> [EXERCISE GOAL] From the line that holds "Grey Striped Peak Lapel 2 Piece Men's Suits" to the last line below, retype everything exactly and nothing else; omit pictures.

> [DATA SEGMENT]
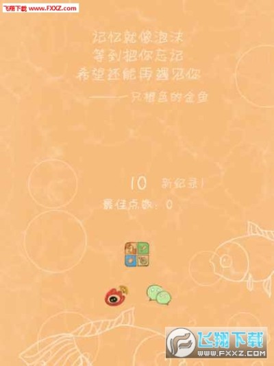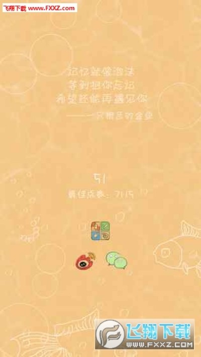 游戏是以金鱼的记忆为主角。用不断变换的橙黄色做背景色为我们氤氲出金鱼那浅浅的梦境。梦境里有气泡,有记忆碎片,还有时隐时现的金鱼轮廓,因为画面比较简单,看起来并不是十分精致,却别有一番奇妙滋味。玩的时候,玩家需要点击那些相互交错的泡泡,让它们合为一体变成大的泡泡来框住那些四处飘散的回忆碎片。需要注意的是这些泡泡所能存在的时间只有 7 秒,所以玩家玩时可务必要把握好时机,才能尽可能在有限的时间内框到足够多的记忆碎片来获取多多的分数,延续时长向更高分冲刺。
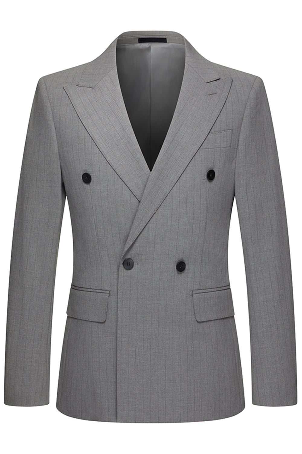 Grey Striped Peak Lapel 2 Piece Men's Suits
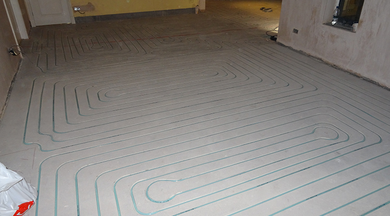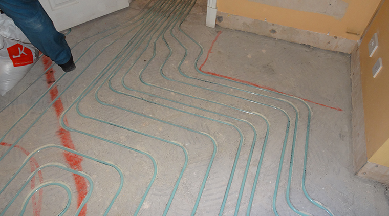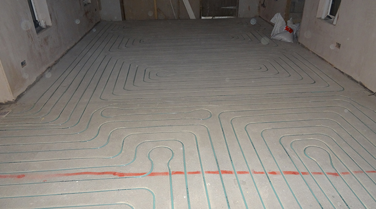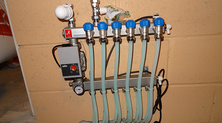 ‘The floor construction in the extension is leveled at the same height as the existing part and JK’s in-ground UFH system is installed into both areas.’

> [RESULT OF THE EXERCISE]
 Grey Striped Peak Lapel 2 Piece Men's Suits
 ‘The floor construction in the extension is leveled at the same height as the existing part and JK’s in-ground UFH system is installed into both areas.’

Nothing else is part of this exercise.